EXECUTIVE DIGEST OF THE BOARD PACKAGE
September 2006

8.

Informational Item – Consider New Terms for the Five FSN Notes:

Staff recommends adoption of the new terms of the five FSN notes as outlined in the August 2, 2006 letter from Rick Harp, CEO Farmers Bank & Capital Trust Co.

Refinancing of the FSN Notes are required in response to:

  1. Increasing FSN interest expense - $1.6 million more over 5 year budget than estimated last year.
  2. Increase of FPB payments to CERS Retirement System - $1.35 million to the Telecommunications Department over next five years.

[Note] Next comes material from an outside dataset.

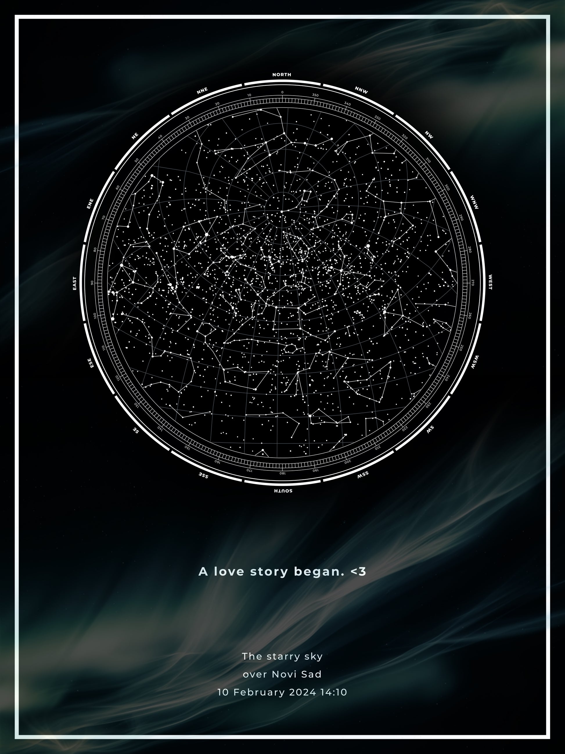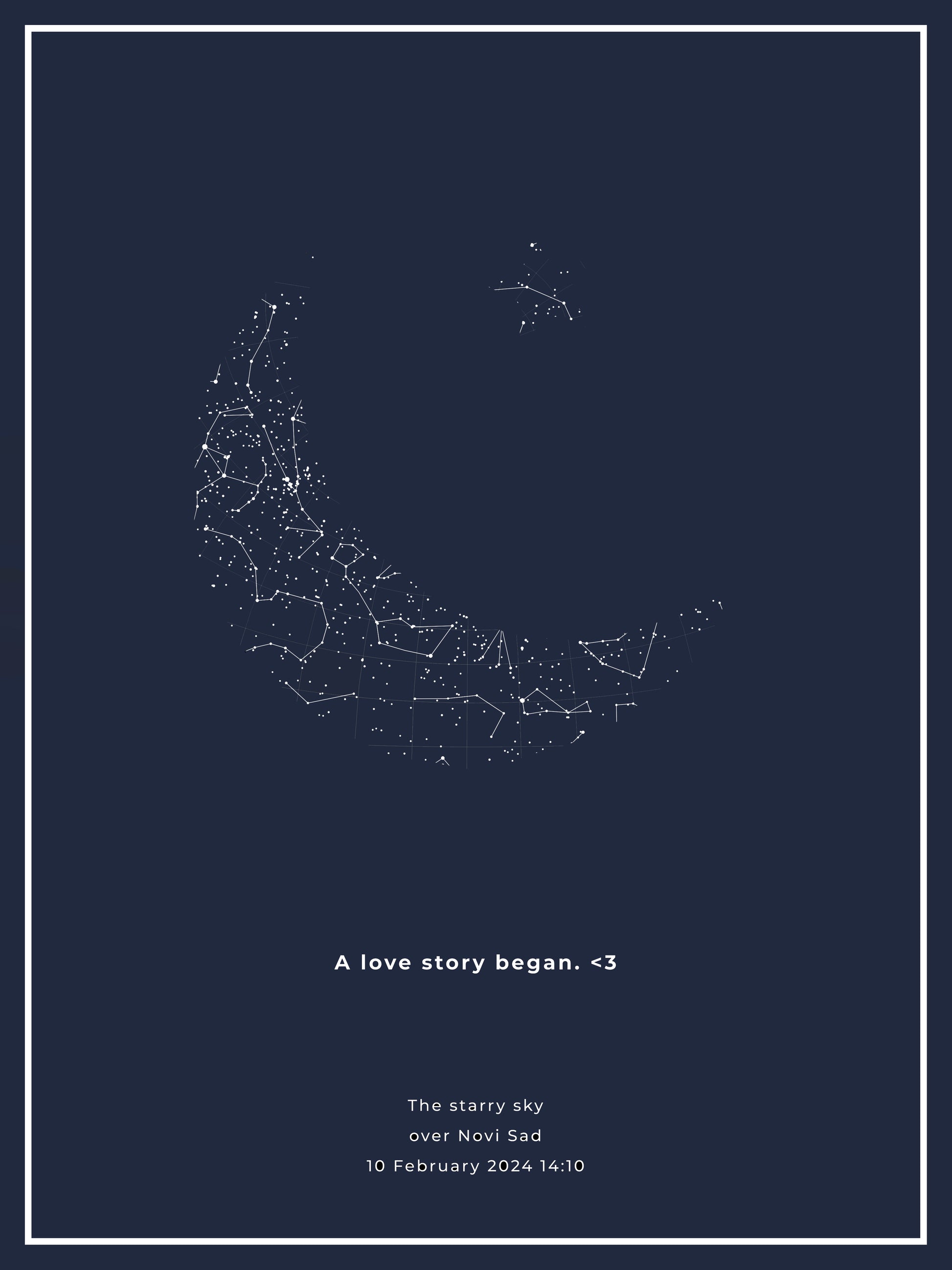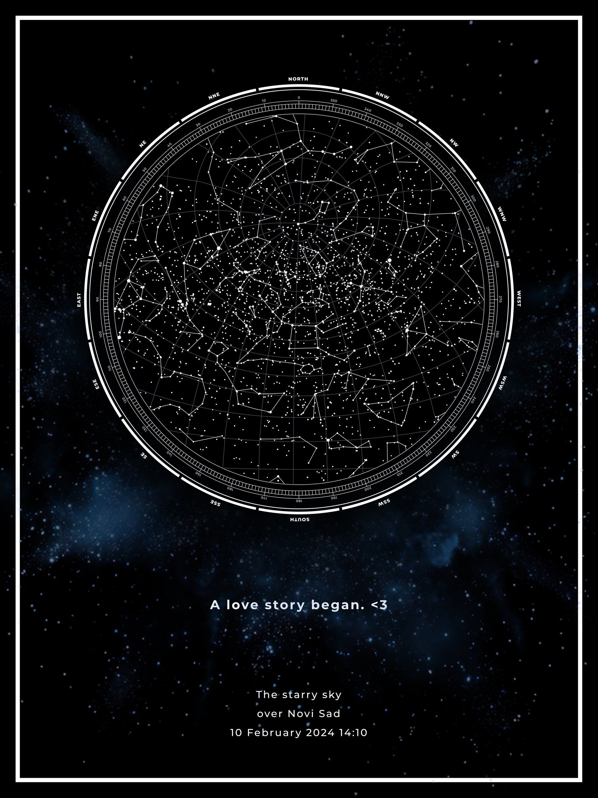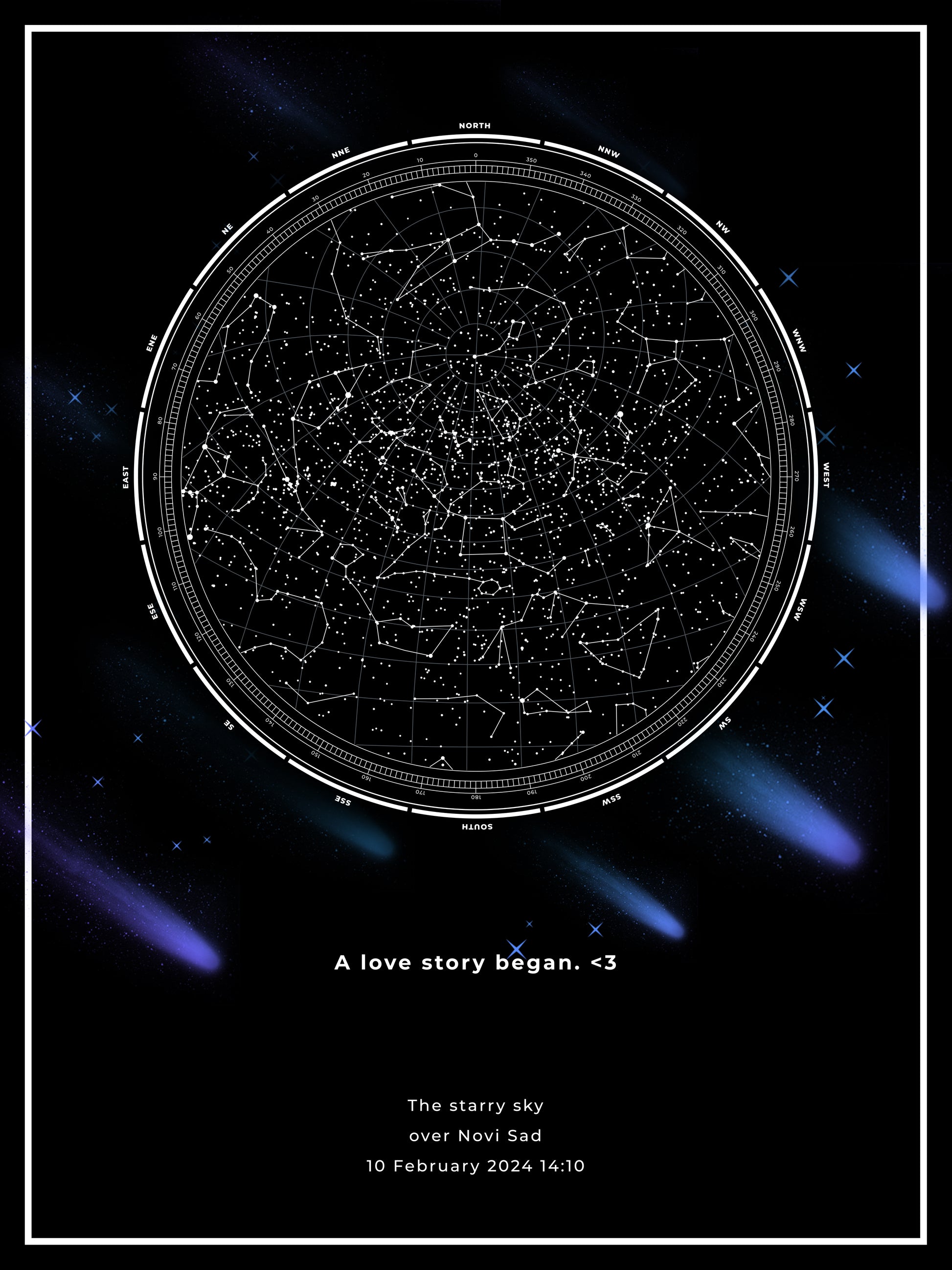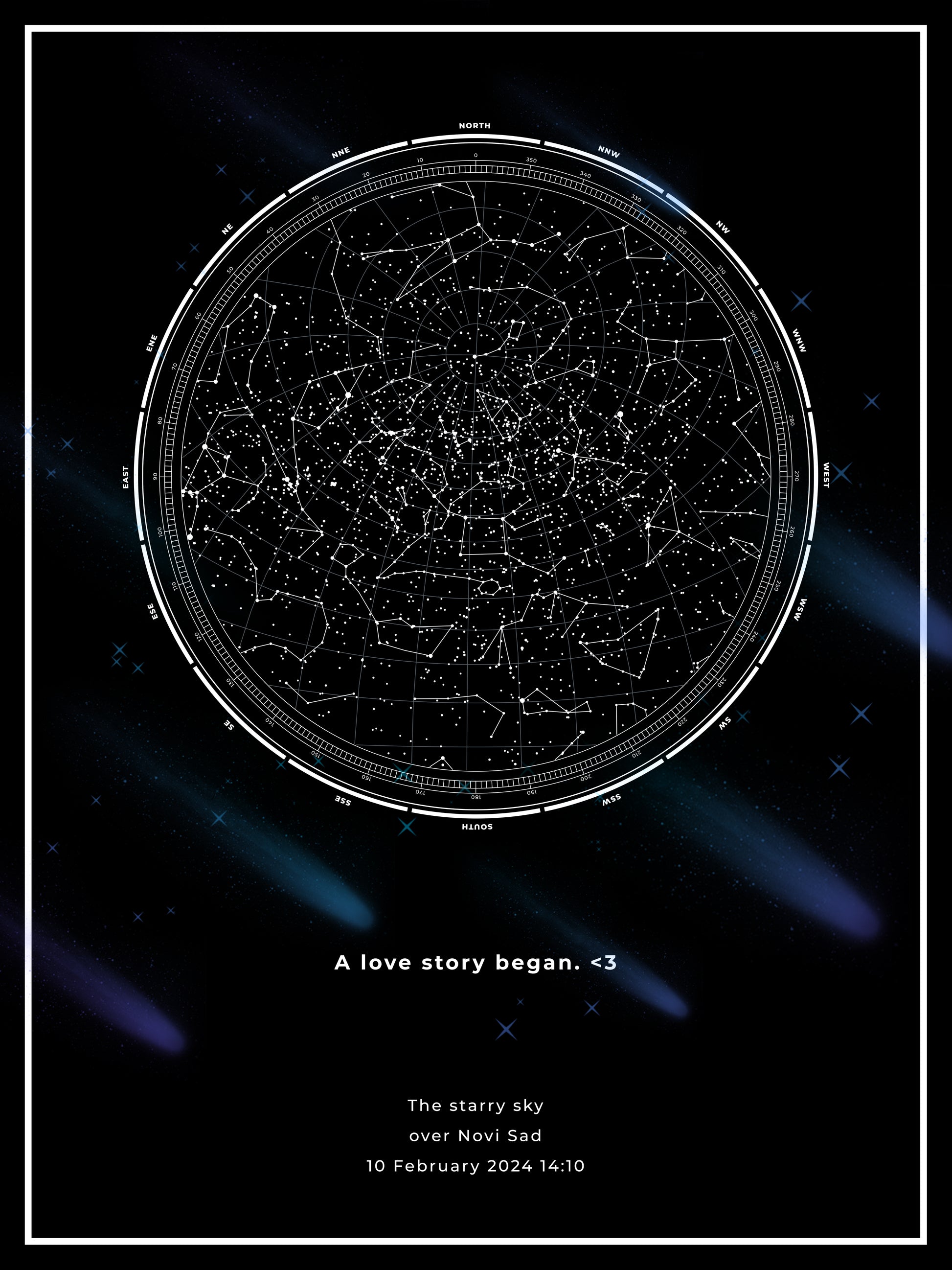 Personalizovana mapa zvezdanog neba prikazuje taฤan raspored zvezda na posebnom mestu i datumu koji vam znaฤi. Bilo da slavite godiลกnjicu, prvi poljubac ili dan kada ste se upoznali โ€” neka taj trenutak zablista zauvek. ๐Ÿ’ซ๐Ÿ’ž

Benefits of the New Terms:

  1. Allows for funds to be available for capital additions necessary for continued expansion of the Full Service Network.
  2. Reduces/delays the need for rate increases to fund growth.
  3. Decreases the ceiling on the FSN variable interest rate 1.25%, from 7.50% to 6.25%. This would equate to approximately $1.64m in the current 5-year budget.

Negatives of New FSN Terms:

  1. Extends pay-off of notes almost 6 years, resulting in additional interest expenditures.
  2. Additional legal fees will be incurred in order to refinance the five notes.
  3. Increases the floor on the FSN variable interest rate .50%, from 3.50% to 4.00%. This would equate to approximately $650,000 in the current 5-year budget.

The current 5 year budget was developed utilizing the new amortization schedule for principle payments on the FSN Notes.